The Weird, Wonderful Problem of Winning

Here at MADRE, we’re hopeful about what an Obama presidency could mean for those of us who care about women’s human rights around the world. At the same time, we know that there are inconsistencies and challenges that we will face. He’s great on choice; not so great on the death penalty. Committed to (partial) withdrawal from Iraq; but plans to escalate the war on Afghanistan. Understands that combating AIDS in Africa requires science, not Christian dogma; but wants to further militarize the continent through AFRICOM. I could go on, but you get the picture.  

So the question is—and we want your help answering it—how do we relate to an administration that is our ally on some issues, but not on others?

Historically, US progressives haven’t had to grapple much with this question, especially not during Bush’s reign. That question is now paramount. In fact, I think that the way we answer it may determine how effective we are in winning the policies we want to see from Washington. 

After all, we can’t continue to act as though the White House is the enemy of all things feminist and human-rights oriented just because they don’t support our whole agenda.  If we do that, we forfeit a tremendous chance to engage and push for real change. And we will disconnect ourselves from a groundswell of people who recognize that this is, in fact, a moment of opportunity for progressives.

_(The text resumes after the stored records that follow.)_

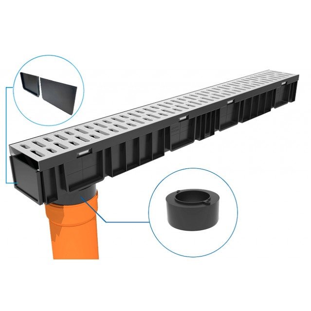 Вариант со стальной решеткой щелевой структуры в серии каналов из морозостойкого пластика (полипропилена) с шириной гидравлического сечения 100 мм - лоток водоотводный пластиковый Гидролика Лайт с высотой по внешней кромке 96 мм. Конструкция, для мест с небольшой площадью водосбора, сограничением по губине заложения, где предполагаются незначительные механические нагрузки на линию дренажа. С характеристикой проходного П-образного сечения 54,2 см² пропускная способность желоба составляет 2,5 литров в секунду, при условии уклона 0,5% или 5 мм. на 1 метр длины водоотвода.
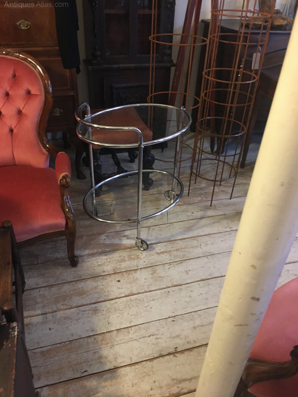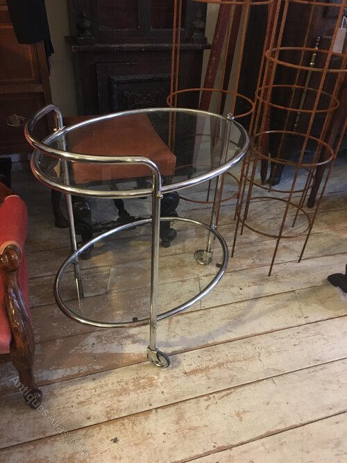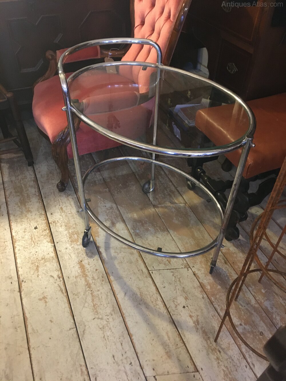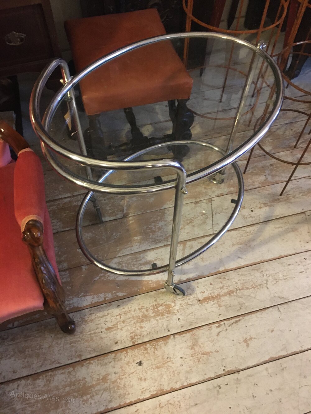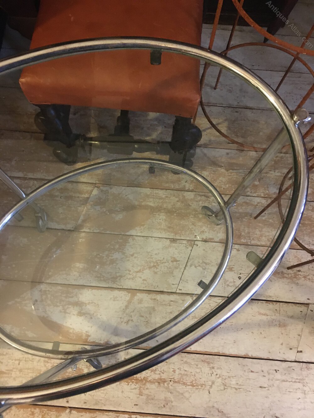 Classic art deco Crome tea trolley. I would think this from the 60 on wheels two tier trolly glass is perfect Crome is not bubbling. Nice trolley
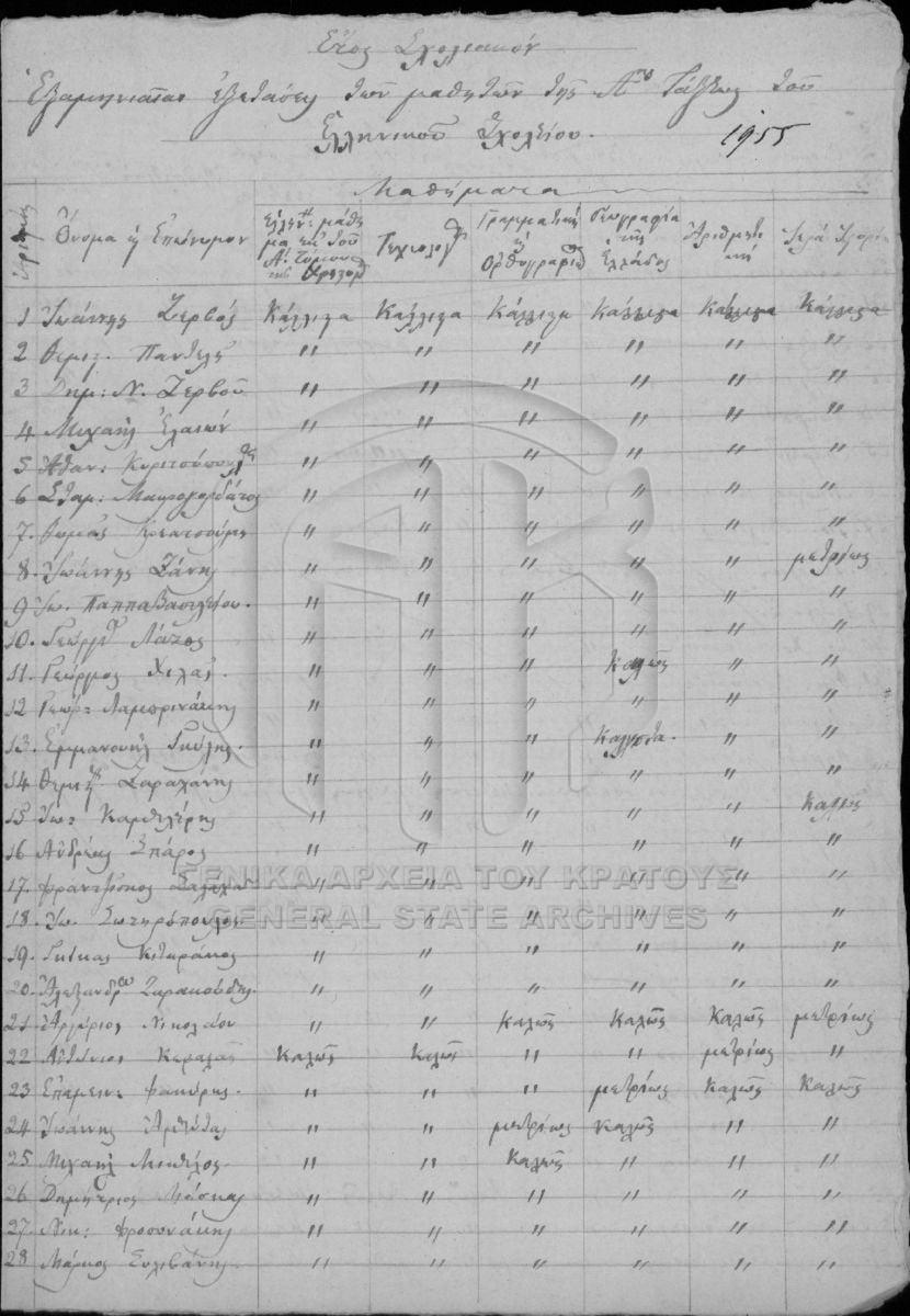 Προσωπικόν. Μισθοί του προσωπικού. Υπότροφοι. Μισθοί αυτών. Εξετάσεις. Βιβλιοθήκη.

We also don’t want to be cheerleaders for the new administration. David Axelrod and Barack Obama would love to see their 10 million-strong email list become a giant rubber stamp sitting on the President’s desk. That would be a big mistake.

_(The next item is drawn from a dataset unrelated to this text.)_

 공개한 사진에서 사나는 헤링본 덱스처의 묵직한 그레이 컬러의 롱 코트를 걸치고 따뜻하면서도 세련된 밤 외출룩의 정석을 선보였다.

Fortunately, our options aren’t limited to total rejection or unconditional support. I want to suggest here that we adopt an approach that MADRE is calling critical cooperation. That means vocally supporting every positive move that the administration makes and demanding improvements to any US policy that doesn’t uphold human rights. Our opposition, when it’s warranted, can be constructive. But let’s not back peddle on what we know is right just because there’s someone in the White House who may meet us part-way.

It’s a strange and wonderful problem to have: figuring out what to do when our candidate wins.  This idea of critical cooperation is MADRE’s working proposal.  I’m putting it forward on the blog today because I’m writing a piece explaining critical cooperation towards the new administration. I would love to hear what you think as I’m sitting down to write.